Stored items from a collection
####

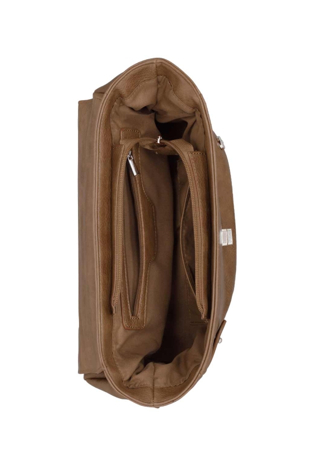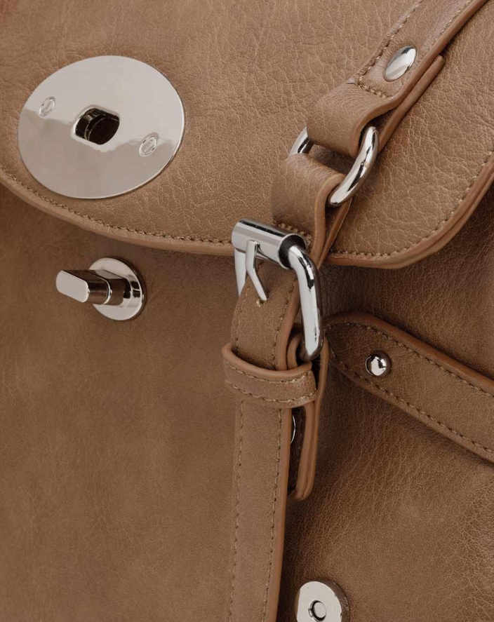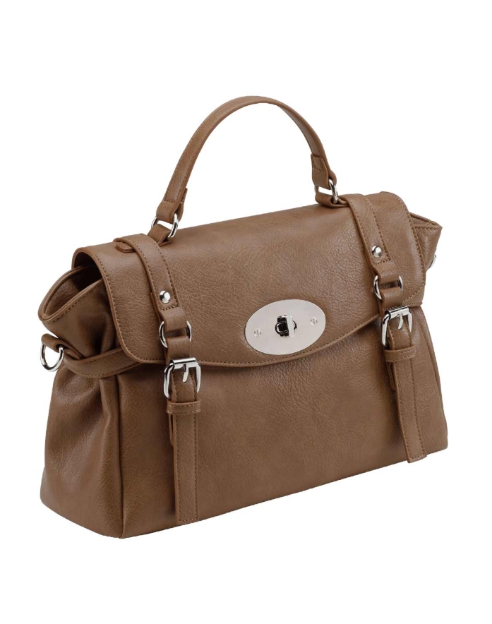 Your sophisticated city companion made from soft faux leather elevates your style with elegance and class! Refined handbag featuring decorative buckles on the front and a chic metal emblem on the closure. Includes a short handle and an adjustable, detachable shoulder strap. Interior with zip pocket and slip pocket. Approx. 31/20/11 cm. Lining: 100% polyester.
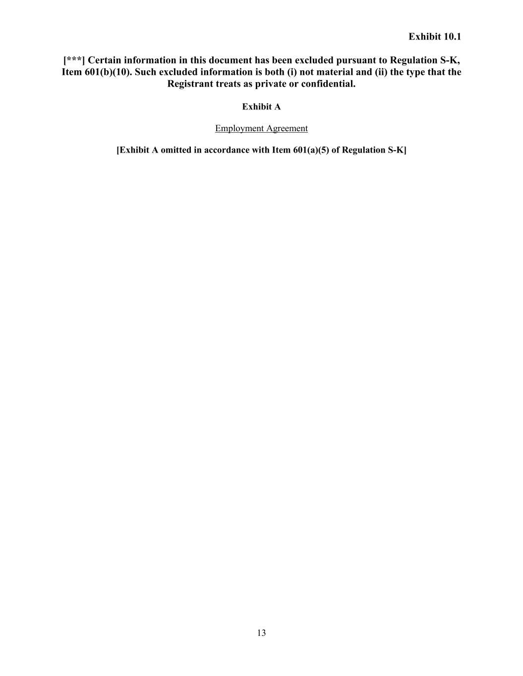 Exhibit 10.1 [***] Certain information in this document has been excluded pursuant to Regulation S-K, Item 601(b)(10). Such excluded information is both (i) not material and (ii) the type that the Registrant treats as private or confidential. 13 Exhibit A Employment Agreement [Exhibit A omitted in accordance with Item 601(a)(5) of Regulation S-K]
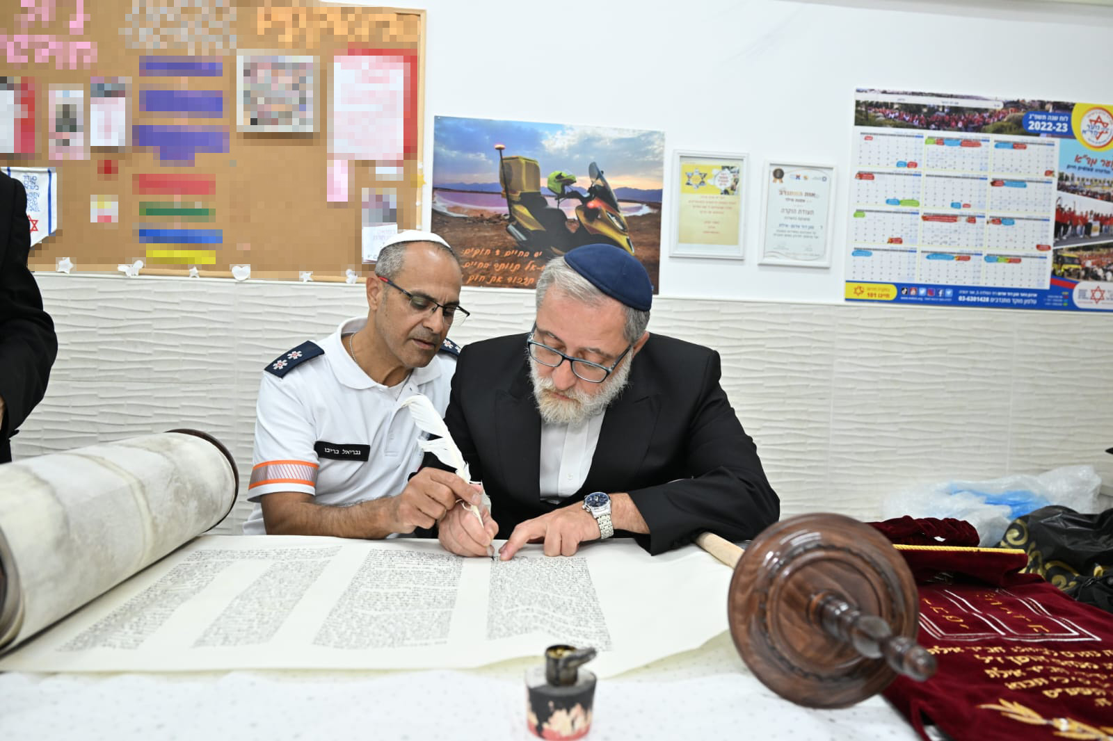 В прошлый вторник на станции MDA в Эйлате состоялось захватывающее и особенное событие – завершение написания свитка Торы в память о бывшем начальнике станции и жителе города, покойном Менахеме Хофене. Мероприятие началось на станции MDA с завершения написания книги в присутствии мэра Эйлата Эли Ланкри, главного раввина Эйлата раввина Йосефа Хехта Шалиты, раввина Кляйна Менди, директора Эйлатского Дома Хабада, директора Габи Бариво. Эйлат-Илотского отделения МДА, сотрудников и волонтеров станции МДА в городе, членов семьи и друзей покойного Менахема Хофена и многих жителей. и продолжил процессию к дому Хабада в городе, где его привели в синагогу.
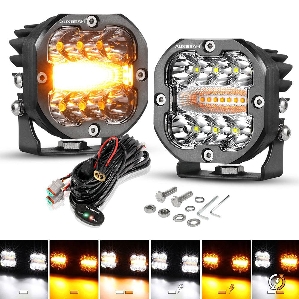 Auxbeam XP-ULTRA Series 3 INCH 96W 9600LM LED PODS 6 MODES WHITE AMBER FLASHING LED DRIVING LIGHTS
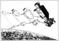 A pobreza de ideias para a ida de homens à Lua fica evidente nos três desenhos anteriores mostrando o lançamento da Terra de um foguete com vários estágios. Depois de várias manobras de alunissagem não mostradas no desenho, aparece uma nave (basicamente um Módulo de Comando) saindo da Lua de modo estranho e inviável. Ao se aproximar da Terra o conjunto do propulsor da nave deixou de aparecer, como se essa separação fosse algo simples.
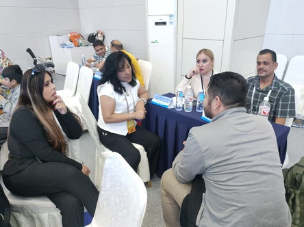 在展会筹备阶段,学院志愿者于5月12日—14日分批次抵达广饶,参加了会方组织的志愿服务培训会,明确了志愿者的工作定位、接待礼仪和岗位职责。志愿者依据会方的规划与安排,分为车站接送、注册引导、通道维护、会议服务等六个小组,前往广饶国际博览中心,全面了解会场环境和工作内容,熟悉服务流程及会议议程。期间,志愿者们有条不紊地开展嘉宾迎接、签到登记、资料整理等会前准备工作,他们严谨认真、礼貌热情,为本次展会的准备工作提供了专业的志愿服务保障。
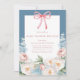 Soft Blue Pink Floral Bow Baby Shower Brunch Invitation
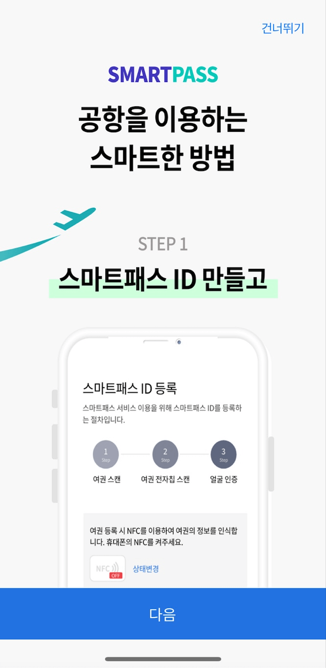 인천공항 스마트패스(SMART PASS)의 등록 방법은 모바일 앱에서 여권 첫 장 사진을 찍으시고 여권 전자칩 사진 찍으신 후 얼굴 사진까지 등록하시면 등록은 간단하게 끝납니다. 등록은 만 7세부터 가능하고 한 번 등록하시면 5년동안 이용 가능합니다.
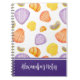 Feel inspired to write your fabulous ideas in this notebook featuring a colorful cover with a pattern of red, yellow, and violet seashells in watercolor.

####

Instructions for the task: With pictures omitted, repeat the entries above word for word from the line holding "Exhibit 10.1 [***]" down to the line holding "Auxbeam XP-ULTRA Series", keeping both of those lines.

Task solution:
 Exhibit 10.1 [***] Certain information in this document has been excluded pursuant to Regulation S-K, Item 601(b)(10). Such excluded information is both (i) not material and (ii) the type that the Registrant treats as private or confidential. 13 Exhibit A Employment Agreement [Exhibit A omitted in accordance with Item 601(a)(5) of Regulation S-K]
 В прошлый вторник на станции MDA в Эйлате состоялось захватывающее и особенное событие – завершение написания свитка Торы в память о бывшем начальнике станции и жителе города, покойном Менахеме Хофене. Мероприятие началось на станции MDA с завершения написания книги в присутствии мэра Эйлата Эли Ланкри, главного раввина Эйлата раввина Йосефа Хехта Шалиты, раввина Кляйна Менди, директора Эйлатского Дома Хабада, директора Габи Бариво. Эйлат-Илотского отделения МДА, сотрудников и волонтеров станции МДА в городе, членов семьи и друзей покойного Менахема Хофена и многих жителей. и продолжил процессию к дому Хабада в городе, где его привели в синагогу.
 Auxbeam XP-ULTRA Series 3 INCH 96W 9600LM LED PODS 6 MODES WHITE AMBER FLASHING LED DRIVING LIGHTS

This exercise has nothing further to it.